DISCLAIMER: This data set is loosely based on the design of experiments that have really been done, and is realistic in terms of its size and complexity. However, it’s important to remember that this is generated data, not data actually collected from participants. So, you should not take the analyses you do of this simulated data as evidence for the effectiveness of meditation in improving attentional control. As is often the case, real data in this area is less clear, and more controversial.


As covered in the preprocessing worksheet, the first thing we need to do with realistic data sets like this is to preprocess them, so the data is in a format that we can analyse. The two steps we need to do for our first analysis are filtering and summarising.


In our first analyses, we’re going to take a look at the participants who had no pre-training in meditation or relaxation (i.e. the control group), so we get a sense of what performance on this task ‘normally’ looks like. So, enter the following comment into your script:

# Filter control condition into 'wordctrl'

and then add and run a command that uses filter to extract just the control condition, and put it into a new data frame called wordctrl. If you need a reminder of how the filter command works, take a look at the preprocessing worksheet.

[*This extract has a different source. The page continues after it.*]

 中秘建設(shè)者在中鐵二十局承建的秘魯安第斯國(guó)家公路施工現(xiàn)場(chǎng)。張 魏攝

EXPECTED OUTPUT: There will be new data frame in your Environment window that has 12,600 rows and 10 columns and is called control.

Also, for now, we’re not going to look at the neutral trials, just the congruent and incongruent ones. So, add this comment to your script:

# Filter out neutral trials, pass remainder to 'wordctrlCI'

and add and run a command to filter out the neutral trials from wordctrl and put the remaining data into wordctrlCI. You may find that the command != is the most efficient way to do this. For example, if you were trying to exclude the relaxation condition, you could use filter(medit != "relax"). The command != means ‘not equal to’.

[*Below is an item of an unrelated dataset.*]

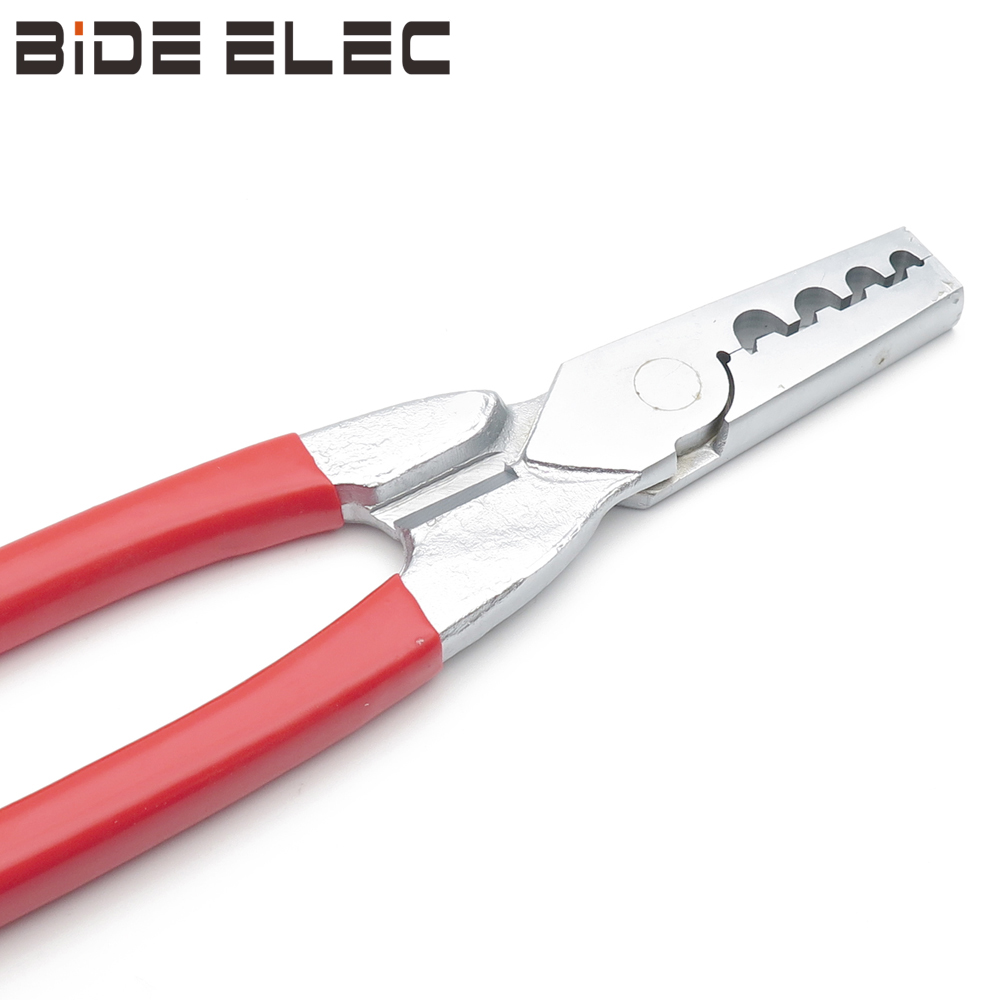 端子压接钳属于手动工具,需将端子和电线组装好后放入相应的压槽中,再进行压接使两者固定连接,具有一定的专业性和专一性;

EXPECTED OUTPUT: There will be a new data frame in your Environment window that has 8,400 rows and 10 columns and is called wordctrlCI.


The data frame is still very long, because it contains data for every trial. What we want to know, for each participant, is whether they are quicker to name the words on the congruent trials (where the picture and word match) than on the incongruent trials (where the picture and word are different). So, we need to summarise each person’s data down to just two numbers - their mean reaction time on congruent trials, and their mean reaction time on incongruent trials. So, add the following comment to your script:

# Group by 'subj' and 'congru'; calculate mean RT; pass to 'wordctrlCIsum'

and then write and run a command to group the data by participant (subj) and experimental condition (congru), using the group_by command, get the mean reaction times using the summarise command, and put this summarised data into a new data frame called wordctrlCIsum. If you need a reminder of how to group and summarise data, take a look at the preprocessing worksheet.

Column names with summarize: There is one new thing to learn here, though, relative to the previous worksheet. The column containing the RT data in this new data frame will need to have the name rt, because we use this name later on. You can set the column name within the summarise command. For example, summarise(acc = mean(acc)) takes the mean of the column acc and puts the answer into a column called acc in your new data frame. If you just use summarise(mean(acc)) then the column name you end up with is mean(acc) and this would be a pain to use in later commands, so we rename the column as acc by typing summarise(acc = mean(acc)) instead.

EXPECTED OUTPUT: There will be a new data frame in your Environment window called wordctrlCIsum. It will have 280 rows - two reaction times for each of the 140 participants - one for the congruent trials, and one for the incongruent trials. You’ll notice that the incongruent reaction times tend to be larger, as expected.

Density plots

Add the following comment to your script:

# Density plot of RT, by 'congru'

Now, as you did in the Absolute Beginners’ Guide to R, write and run a command to create a density plot of this summarised data (wordctrlCIsum), showing the distribution of reaction times in the two conditions. Click on the link above if you need to revise how to do this.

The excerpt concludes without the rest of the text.